100' dry section of 5" hose weighs approximately 106 pounds with couplings is weighs approximately 114 pounds.

In 100' section with water there is approximately 102 gallons of water weighing approximately 856 pounds.

Just the weight of the water and the hose the total weight of 100' of 5" hose is 1000 pounds.

The intake values I have been exposed to are the piston type valve with and adjustable relief valve attached.
The relief valve is adjustable from 100 PSI to 200 PSI. The other valve is the butterfly which does not a relief valve.

It is my experience with the piston valve that it must be open slightly before charging the supply line. If this is not done the valve will not open because there is too much force on the valve. If you open the valve slightly the pressure is even on both sides of the valve and it is very easy to open. The first time we tried to use this valve on a hydrant with 120 PSI static pressure we could not open the valve with the handle, but be the ingenious firefighters we are we tried using a pry bar. We were unsuccessful in opening the valve, but we sure broke the handle. A lesson learned.
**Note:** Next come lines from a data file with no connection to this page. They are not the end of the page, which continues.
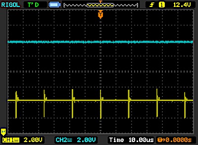 Fortunately, for an LED the oscillation frequency of these pins does not affect the performance of ascents and descents (like an incandescent lamp that needs time to warm up and takes time to cool down because the light is a by-product of temperature) and we can count that 128 corresponds well to 50% of the power. This explains the scale linearity that appears in the green that starts with 28 and adds up to 28 at each step.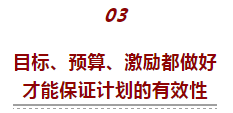 目标、预算、激励这三样东西要同时给,你的计划管理才做得到。我最怕你们做一件事情,就是年底把计划、目标都做好了,激励不公布,第二年再给激励,其实你就牺牲掉一个季度了。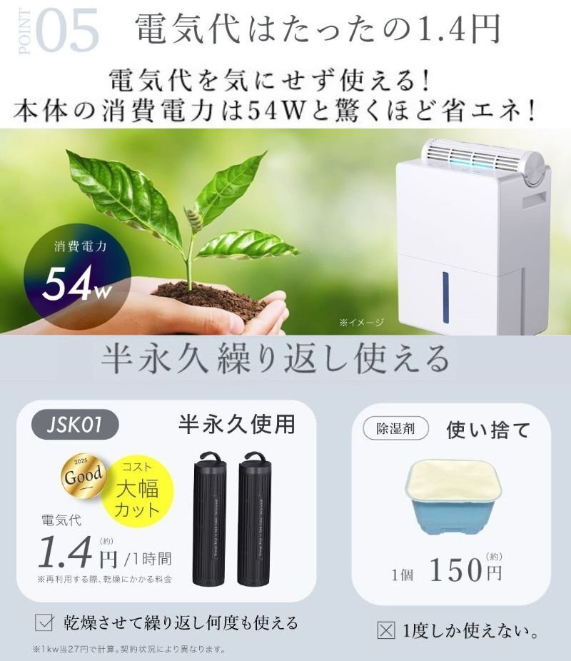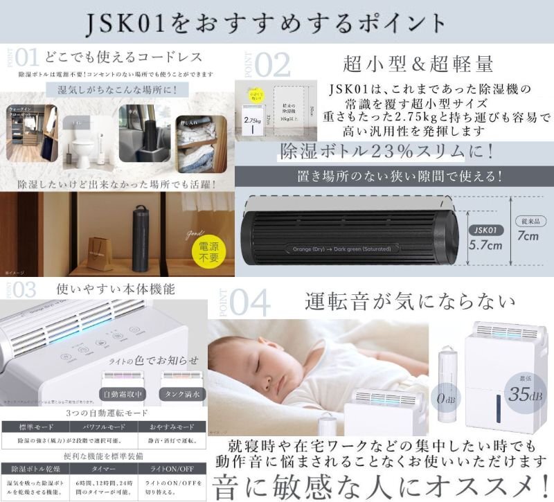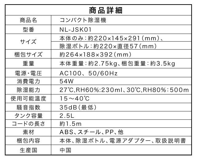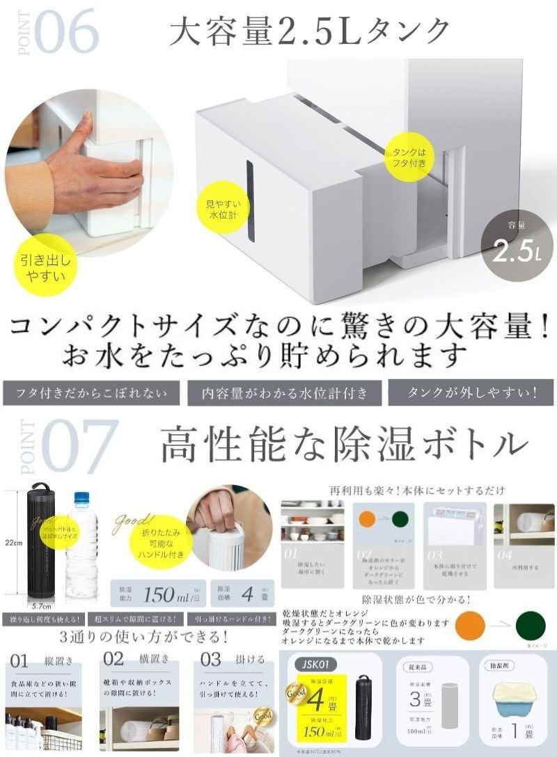 | 商品説明 | いつでも・どこでも・使いたい場所で 4WAYコードレス除湿機 除湿ボトル2本付き! だから3ヶ所同時に除湿可能! 大容量で2.5Lのタンクは蓋付き・水位計付きで使いやすい ■三種類の自動運転モード ■蓋付きタンク ■商品サイズ:〔本体〕約220x145x291(mm)/〔除湿ボトル〕220xΦ57(mm) ■重量:約2.75kg サンプル品のため一部、商品仕様が変わっております。 |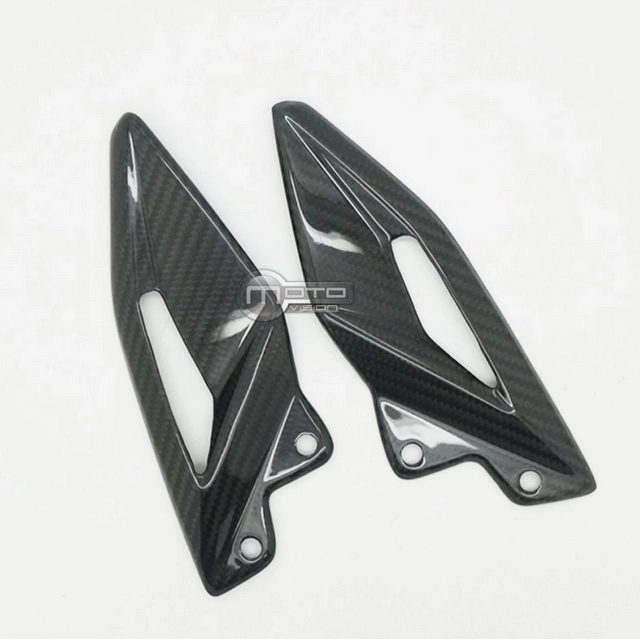 Carbon Fersenschutz Mat Triumph 765/800/1050 Street Triple R/S/RS 2017-.. aus echtem Carbon, zur direkten Montage an Ihrer Motorrad. Diese Verkleidung aus Carbon bietet Ihnen mehrere Vorteile: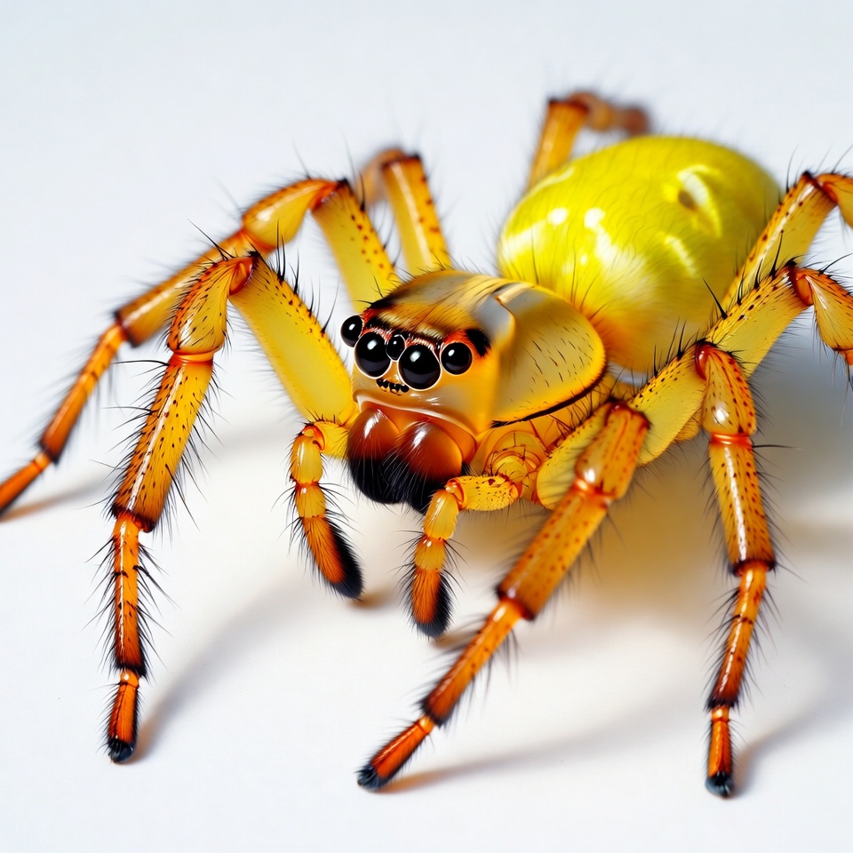 arachnid, detailed spider, eight legs, glossy abdomen, isolated, macro photography, multiple eyes, orange legs, spider close-up, spider face, vibrant yellow, white background, wildlife, yellow spider, jumping spider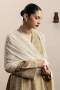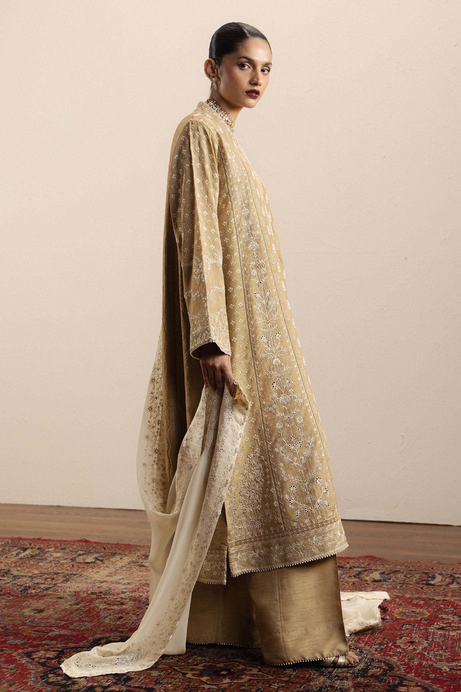 An antique gold ensemble that effortlessly exudes grace and understated luxury. The medium raw silk shirt is richly adorned with full-front embroidery, featuring a captivating mix of tilla and resham detailing that brings depth, texture, and a regal aura to the design.
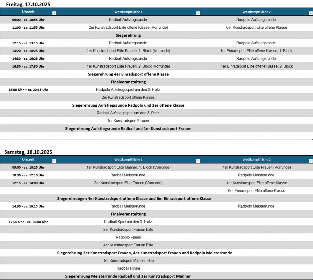 Hier der aktuelle Zeitplan der Deutschen Meisterschaft. Weitere Infos sind unter Tunier / Download-Center abrufbar. Hier der direkte Link zum Programm incl. Zeitplan: Hier der Link zum Programmheft:https://hallenradsport-dm2025.de/wp-content/uploads/2025/10/Programmheft-DM-2025.pdf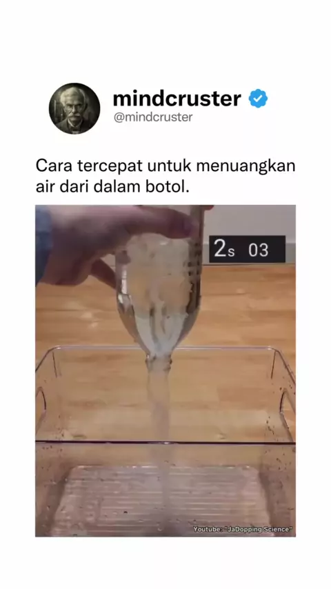 Saat menuang air dari dalam galon / botol, cara paling cepat untuk mengosongkan isinya adalah dengan membuat pusaran air. Mengapa? Karena saat membuat pusaran air dengan memutar botol, kita sebenarnya membuat saluran udara agar udara bisa masuk dan mengisi ruang kosong di dalam botol tanpa mengganggu laju air yang keluar. Credits: JaDropping Science Ikuti @mindcruster untuk konten menarik tiap harinya! #water #physics #science # #reels #reelsvideo #instareels #explor...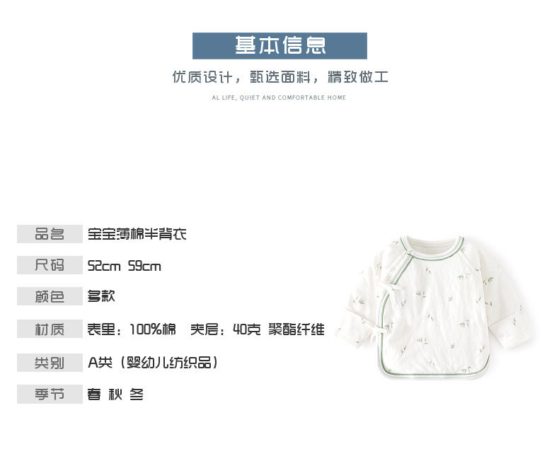 Новорожденный ребенок хлопок с половиной спины, теплая внутренняя одежда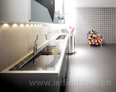 水盆:水盆是使用頻率很高的廚房用品,采用臺下盆設(shè)計(jì)使盆的邊緣低于臺面,防止了水的溢出,幫助臺面清潔,同時解決了邊縫難以清理的問題。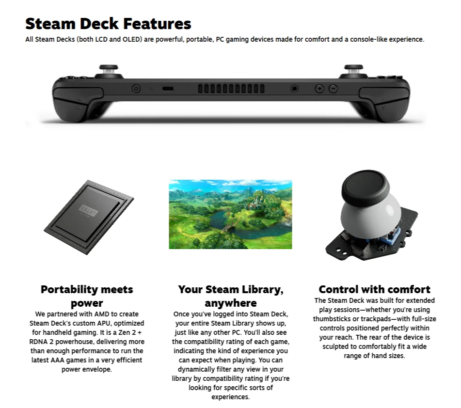 New in the box Fully sealed with a one-year warranty!!! The Valve Steam Deck 512GB Handheld Console is a portable gaming device designed by Valve. It features a sleek black design with a 1280x800 resolution display and a storage capacity of 512GB, allowing for ample space to store games and other media. The handheld system also includes Wi-Fi capability for online gaming and downloading content, along with a headphone jack for immersive audio experiences. Perfect for gaming on the go, the Valve Steam Deck offers a convenient and versatile way to enjoy a wide range of video games.

The butterfly valve was a problem because our water system is very old we were getting a lot of grit in the valve and this caused serous leaks in the valve. Also this valve does not have a relief valve and this is dangerous when using LDH hose.
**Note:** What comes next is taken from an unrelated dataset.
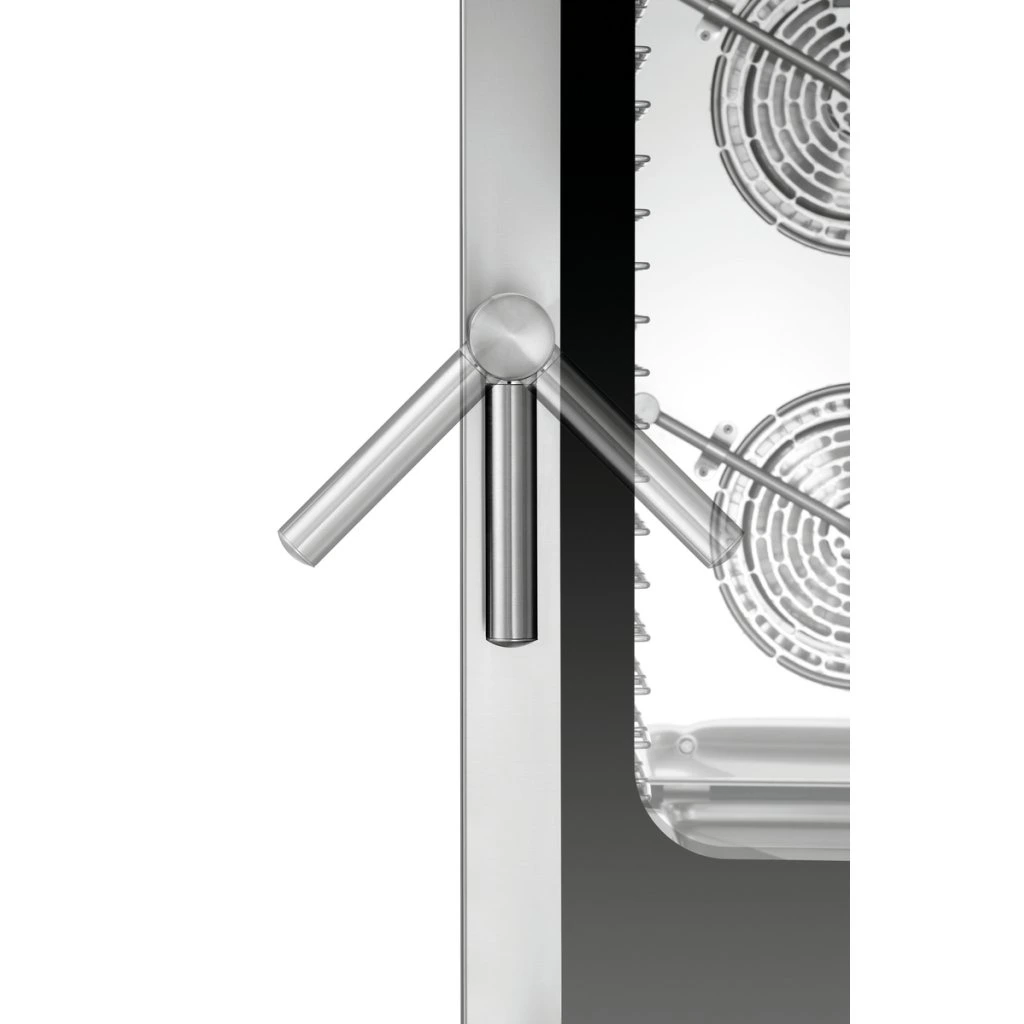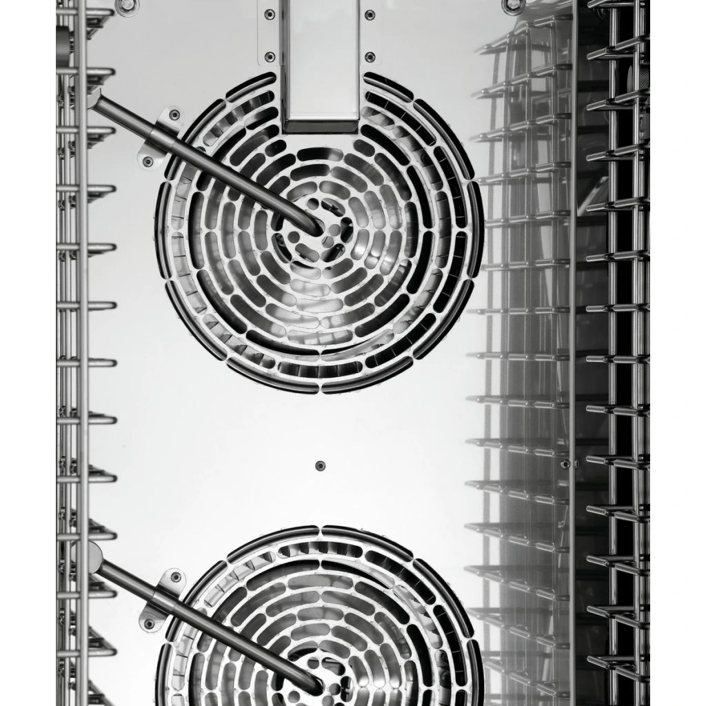 Díky podélným vsuvům je model Silversteam-K 10110DRS mimořádně kompaktní a vhodný i do menších kuchyní. Intuitivní digitální ovládání s funkcí Rack Control, kvalitní cirkulace vzduchu a integrovaný čisticí systém umožňují profesionální vaření, pečení i přípravu v páře v nádobách GN 1/1.

As for using LDH hose when pumping a ladder I believe this is not practical. The LDH hose is tested a 200 PSI and NFPA states you should not pump it over 185 PSI. We did some flow testing on a 100' ladder with a pre plumed waterway, our goal was to flow 1000 GPMs. To accomplish this we had to pump 245 PSI at the base of the ladder to overcome the friction loss, nozzle pressure and elevation. We also did flow testing on our tower ladders to flow 1500 GPMs. To accomplish this we had to pump 245 PSI at the base of the to overcome the friction loss, nozzle pressure, and elevation. This does not include the friction loss in the supply line.